- [THE DATA]:

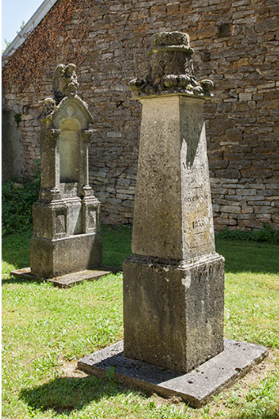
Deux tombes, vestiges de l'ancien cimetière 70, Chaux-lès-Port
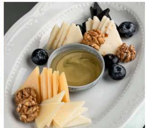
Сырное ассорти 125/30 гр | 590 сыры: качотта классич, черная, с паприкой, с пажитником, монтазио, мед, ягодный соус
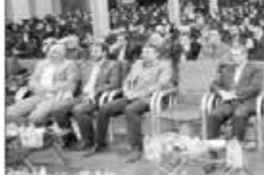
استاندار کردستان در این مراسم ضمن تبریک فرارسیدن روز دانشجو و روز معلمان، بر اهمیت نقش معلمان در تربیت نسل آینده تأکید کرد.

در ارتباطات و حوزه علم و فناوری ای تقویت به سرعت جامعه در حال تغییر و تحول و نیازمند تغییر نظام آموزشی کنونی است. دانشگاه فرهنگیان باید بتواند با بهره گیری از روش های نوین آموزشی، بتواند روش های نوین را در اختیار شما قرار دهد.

- [TASK TO COMPLETE]: The response should reproduce all the material above exactly and leave out its pictures.

- [YOUR RESPONSE]:
Deux tombes, vestiges de l'ancien cimetière 70, Chaux-lès-Port
Сырное ассорти 125/30 гр | 590 сыры: качотта классич, черная, с паприкой, с пажитником, монтазио, мед, ягодный соус
استاندار کردستان در این مراسم ضمن تبریک فرارسیدن روز دانشجو و روز معلمان، بر اهمیت نقش معلمان در تربیت نسل آینده تأکید کرد.

در ارتباطات و حوزه علم و فناوری ای تقویت به سرعت جامعه در حال تغییر و تحول و نیازمند تغییر نظام آموزشی کنونی است. دانشگاه فرهنگیان باید بتواند با بهره گیری از روش های نوین آموزشی، بتواند روش های نوین را در اختیار شما قرار دهد.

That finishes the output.